5. Backup, Recovery, and Record Retention

Part 11 §11.10(c) requires that accurate and complete copies of records can be retrieved throughout the retention period. For annotation provenance records, this means defining a recovery point objective (RPO) and a recovery time objective (RTO) before the programme starts, and testing the backup recovery procedure — not just executing it.

Under 21 CFR Part 820.180, design records (which include annotation datasets and their provenance documentation) must be retained for a period not less than two years from the date the device is released for distribution. For active commercial SaMD products, this effectively means the provenance records must remain accessible for the commercial life of the product plus two years. Annotation vendors must provide clients with a complete, self-contained provenance export at project close — including audit trail logs, signature records, annotator credentials, and guidelines version history — stored in a format and location outside the annotation platform, because platform continuity cannot be guaranteed over a multi-year retention period.

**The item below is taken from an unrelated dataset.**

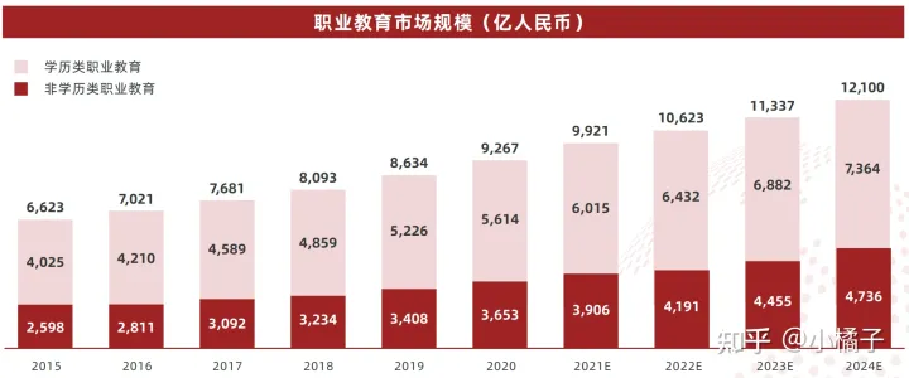 2022 年,学历及非学历类职业教育规模合计可达万亿。

The export format matters. Provenance records exported as flat CSV files or platform-specific JSON without schema documentation are difficult to interpret years later. Structured exports with a clear schema, human-readable annotation event descriptions, and DICOM or HL7 FHIR compatibility (for health data) are significantly easier to present in an FDA audit or post-market surveillance review.

How Part 11 Requirements Vary Across Medical Imaging Modalities

The five core requirements apply uniformly, but their practical implementation differs by modality because the annotation task complexity, the volume of records generated, and the expert review structure all vary.

Radiology (CT, MRI, X-ray): Multi-sequence studies mean a single patient case can generate hundreds of individual annotation events across slice-level segmentation, landmark placement, and classification labels. Audit trail volume is high, and the audit trail storage architecture needs to handle large event counts without degrading platform performance. Per-study sign-off by board-certified radiologists is the standard adjudication model — the signature must link to the specific study version, not just the batch. See our radiology AI annotation guide for modality-specific workflow design.

Digital pathology (WSI): Whole-slide images are billions of pixels. Tile-level annotation creates massive audit trail volumes, and per-slide sign-off by credentialed pathologists is the expected adjudication standard. The complexity of WSI platforms — where a pathologist can view and annotate a slide across multiple sessions — means session resumption must be captured in the audit trail without creating ambiguity about which annotations belong to which review event.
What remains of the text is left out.